Eines ist mir in diesem Buch jedoch nicht gelungen: Irgendeinen Charakter aus beliebten Reihen oder anderen Büchern von Andrea Schacht zu finden (Almut zum Beispiel wurde ja in mehreren Büchern erwähnt). Vielleicht habe ich es übersehen. Falls euch etwas auffällt, würde ich mich freuen, wenn ihr es mir verratet.

Wie ihr meinen Worten sicherlich entnehmen könnt, gehört dieses Buch eindeutig zu meinen Favoriten 2014. Ich war stundenlang gefangen in Emmalous und Alastairs Geschichte, die einige überraschende Wendungen nimmt, und bin sicher, wenn ihr die historischen Romane von Andrea Schacht mögt, wird es euch genauso gehen. Ich hatte keine Ahnung, was mich erwartet, und wurde aufs Positivste überrascht. Von mir gibt es einen ganz eindeutigen Daumen nach oben und massig Sternchen!

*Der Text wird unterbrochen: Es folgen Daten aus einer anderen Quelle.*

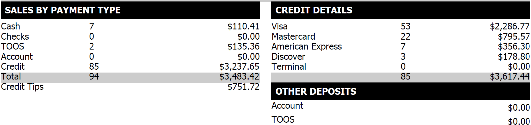 The sales of the orders by payment type. It includes delivery fees and tax. It does not include tips. The TOOS and Account “payments” are not deposited until a later date. The payments are compared to the order totals. In theory every payment must match the order total. There are occasions where the payment does not match the order and they are displayed under SALES BY PAYMENT TYPE.
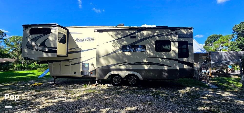 For Sale and Located in West Palm Beach, Florida, is this 2019 Grand Design Solitude 310GK-R Fifth Wheel RV.

Die Aufmachung von „Triumph des Himmels“ ist wirklich schön und hochwertig, ein Buch, das man nach dem Lesen gerne ins Regal stellt – in meinem Fall direkt neben Almut und Alyss. Ich denke, die Godesbergerin Emmalou wird sich neben diesen starken Frauen aus Köln sehr wohl fühlen.

Weitere Infos, Bestellmöglichkeiten und eine Leseprobe findet ihr direkt auf der Seite von blanvalet. Ich bedanke mich herzlich für das Rezensionsexemplar!

So, und nun bleibt mir nur noch eins zu sagen: Lest es selbst, wenn ihr Lust auf einen spannenden historischen Roman habt. Viel Spaß und einen schönen Sonntag Abend!